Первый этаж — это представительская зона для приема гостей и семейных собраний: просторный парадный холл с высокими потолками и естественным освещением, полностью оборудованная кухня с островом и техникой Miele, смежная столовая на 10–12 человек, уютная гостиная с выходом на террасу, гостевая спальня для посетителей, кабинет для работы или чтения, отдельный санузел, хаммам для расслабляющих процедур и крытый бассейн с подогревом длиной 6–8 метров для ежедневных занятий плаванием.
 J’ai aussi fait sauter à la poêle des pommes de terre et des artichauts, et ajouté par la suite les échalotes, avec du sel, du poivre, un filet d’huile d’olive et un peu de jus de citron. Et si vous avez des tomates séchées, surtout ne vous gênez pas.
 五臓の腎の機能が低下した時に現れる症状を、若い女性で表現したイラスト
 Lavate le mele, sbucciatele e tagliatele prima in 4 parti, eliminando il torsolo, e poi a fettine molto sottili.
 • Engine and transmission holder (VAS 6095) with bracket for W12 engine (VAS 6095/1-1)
◆ ◆ ◆
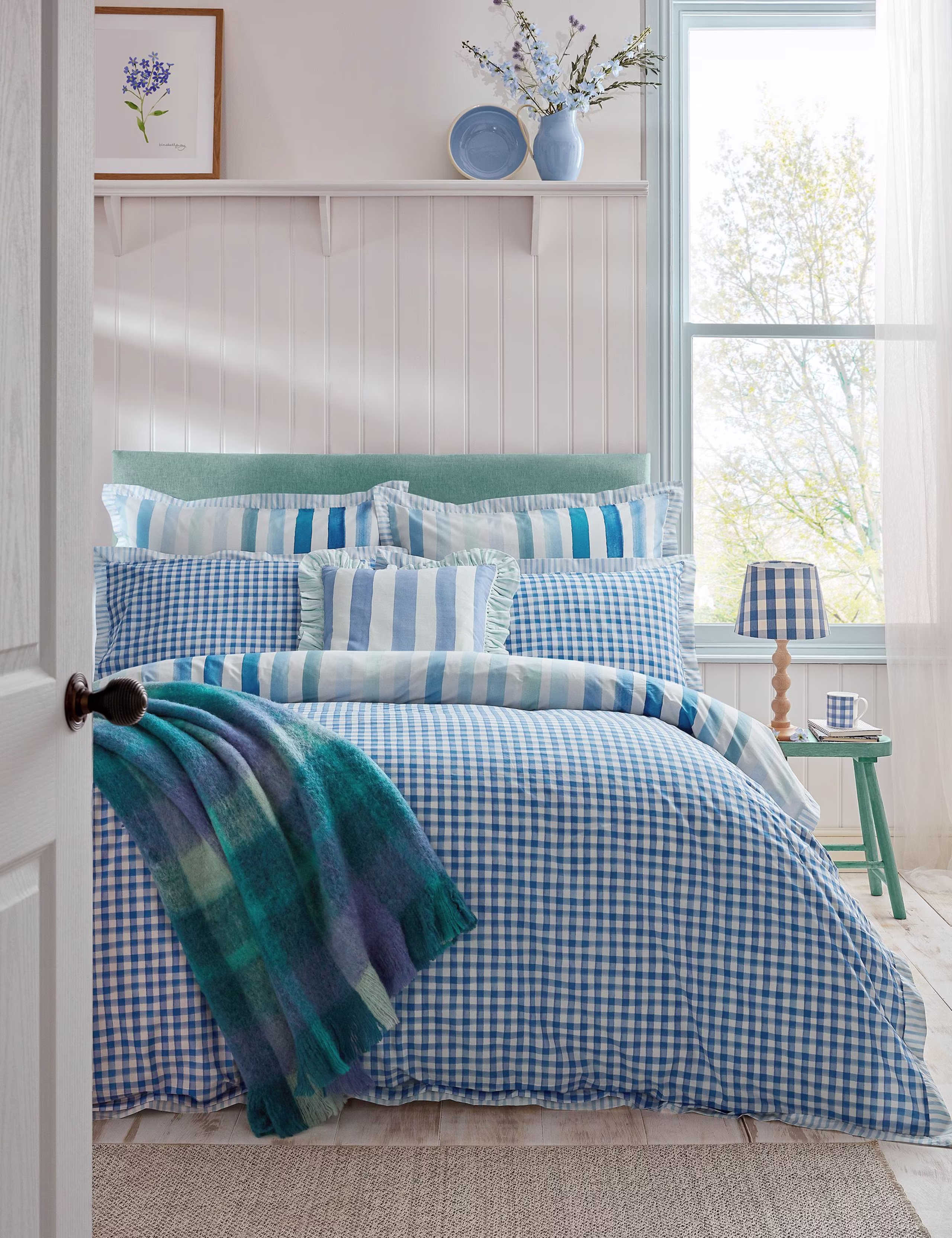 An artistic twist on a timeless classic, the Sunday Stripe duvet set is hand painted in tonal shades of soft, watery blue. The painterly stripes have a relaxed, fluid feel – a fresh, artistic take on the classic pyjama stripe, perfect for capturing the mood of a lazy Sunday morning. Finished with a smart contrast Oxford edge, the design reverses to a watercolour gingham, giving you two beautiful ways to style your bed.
◆ ◆ ◆
AIM OF THE EXERCISE >> Each line in the listing above from the one containing "五臓の腎の機能が低下した時に現れる症状を、若い女性で表現したイラスト" through the one containing "engine (VAS 6095/1-1)" should be repeated exactly, and no other line.

TASK OUTPUT >>
 五臓の腎の機能が低下した時に現れる症状を、若い女性で表現したイラスト
 Lavate le mele, sbucciatele e tagliatele prima in 4 parti, eliminando il torsolo, e poi a fettine molto sottili.
 • Engine and transmission holder (VAS 6095) with bracket for W12 engine (VAS 6095/1-1)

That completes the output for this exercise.